Я не сомневалась. Я рвала зубами вареную курицу, принесенную ангелом, так же алчно, как, наверное, мой пращур в сумраке неандертальской ночи свежевал какого-нибудь бизона.
— Что вы делаете? Разве можно есть мясо при таком поносе? — шептала Софья Петровна Межлаук, оказавшаяся и здесь моей соседкой. Сама она считала, что только голодная диета — единственное средство при нашем изнурительном поносе.
А я поверила ангелу, сказавшему мне: "Понос цинготный. Есть надо все". Я еще больше поверила голосу своего замученного, но в основе своей неистребимо здорового и молодого тела. А оно орало, вопило, требовало — еды!!!
Что заставило доктора Клименко не только больше месяца держать меня в больнице, давая отлежаться после этапов, но еще и приносить мне почти ежедневно из дому высококалорийные продукты, — не знаю. Может быть, ее, как врача, увлек процесс воскрешения полумертвой? Ведь потом она несколько раз говорила:
— Когда пришел ваш этап с "Джурмы", то из всех смертников самой безнадежной были вы. Я никогда не думала, что Цахер, Межлаук, Антонова умрут, а вы останетесь живы…

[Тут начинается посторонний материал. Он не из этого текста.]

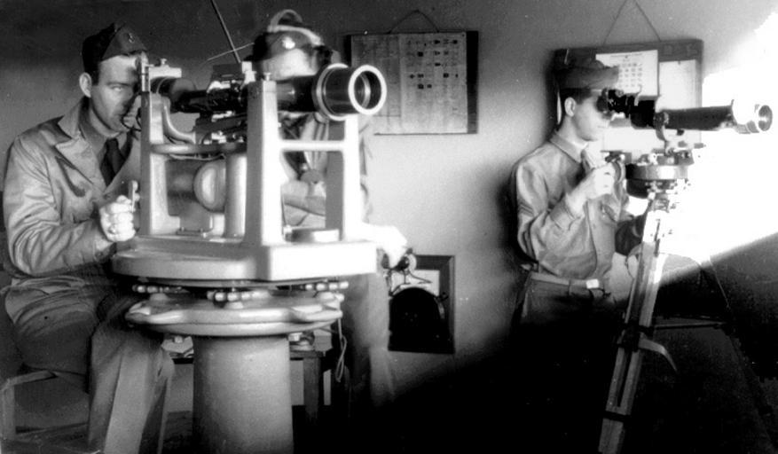 Keywords: DPF and Azimuth Scope.jpg This image shows a depression position finder DPF on the left and an azimuth scope on the right Both instruments could be used to measure the azimuth of a target from the observation station; the DPF could also be used to measure the range to the target The DPF was normally installed with its heavy steel base bolted to an octagonal concrete pad that protruded 6 inches or so from the floor of the observation station An azimuth scope was usually supported by a portable tripod as shown here although it could also be mounted to a concrete-filled steel pipe The pintle center of the DPF the cylindrical mount-point in the center of the upper platform with the H -shaped trusses to its front and rear was taken as the point being observed from and its latitude and longitude were precisely determined by survey techniques This position was used in triangulating the position of the observed target This position was often also marked by means of a brass survey marker emplaced in the roof of the fire control structure directly above the pintle center location The operator of the DPF is seated on a wooden bench using the DPF to waterline a target placing the crosshairs on the ship's waterline just under its forward mast When the operator indicated that he had the target sighted correctly the talker to his left wearing the telephone set would read the azimuth and possibly also the distance to the target off of dials on the DPF and repeat these data to the plotting room where they were used in the fire control process The azimuth scope was often used in the process of spotting the fall of fire shell splashes from the battery being directed and to call out corrections to the battery's aim over short left or right The cross-shaped wooden standard hanging on the wall behind the DPF in this photo is a guide for spotting shell splashes Spotting was not always used however It was argued that adjusting fire in this manner could reduce rather than improve its accuracy This photo taken by the U S Coast Artillery has been said to be sited in a fire control station at Fort Standish on Lovells Island in Boston MA It has been re-cropped and adjusted for brightness and contrast by the contributor with editing artefacts removed Government image PD-USGov Original upload log en wikipedia Ktr101 CommonsHelper en wikipedia DPF_and_Azimuth_Scope jpg 2010-09-29 13 17 Pgrig 800×467× 89379 bytes <nowiki>This image shows a depression position finder DPF on the left and an azimuth scope on the right Both instruments could be used to measure the azimuth of a target from the observation station; the DPF could also be used to measure the range to the targe</nowiki> 2010-05-12 20 35 Pgrig 800×467× 127286 bytes <nowiki>The instrument on the left is a Depression Position Finder DPF The one on the right is an azimuth telescope The observer at the DPF targets a distant ship by putting the vertical crosswire of his instrument on the ship's forward funnel and the horizo</nowiki> Fire control towers

Да, возможно, врачом руководил профессиональный интерес. Но этим все не исчерпывалось. Вокруг ангела-врача ходили странные слухи. Говорили, что десяткам людей она спасала жизнь, то удерживая подольше в больнице, то не пуская на тяжелые работы, то выписывая дополнительное питание. Ощущала я и ее персональную симпатию к себе лично.
Так или иначе, но все шло почти по Диккенсу. Среди злодеев жил ангел, и этот ангел спасал меня от смерти. Но иногда в глубине безмятежных голубых глаз врачихи пробегала какая-то темная тень страдания. И тогда казалось, что дело тут не столько в Диккенсе, сколько в Достоевском и что таким поведением Ангелина, наверное, старается искупить деятельность своего мужа, которого она любит.
Шли дни. Скоро умерла Софья Петровна. Просто от голода. Никак не соглашалась послушать доктора и есть все, что дают.
— Что вы! — не теряя апломба высокопоставленной дамы даже на смертном ложе, говорила она. — Что вы, доктор! Я лечилась в Осло у профессора Икс, в Париже — у Игрека, и я знаю, что только диета может меня спасти.
Ангелина с поистине ангельским терпением втолковывала ей, что Колыма порождает своеобразные болезни, отличные от тех, какими болеют в Осло и Париже. Но Софья Петровна только снисходительно улыбалась.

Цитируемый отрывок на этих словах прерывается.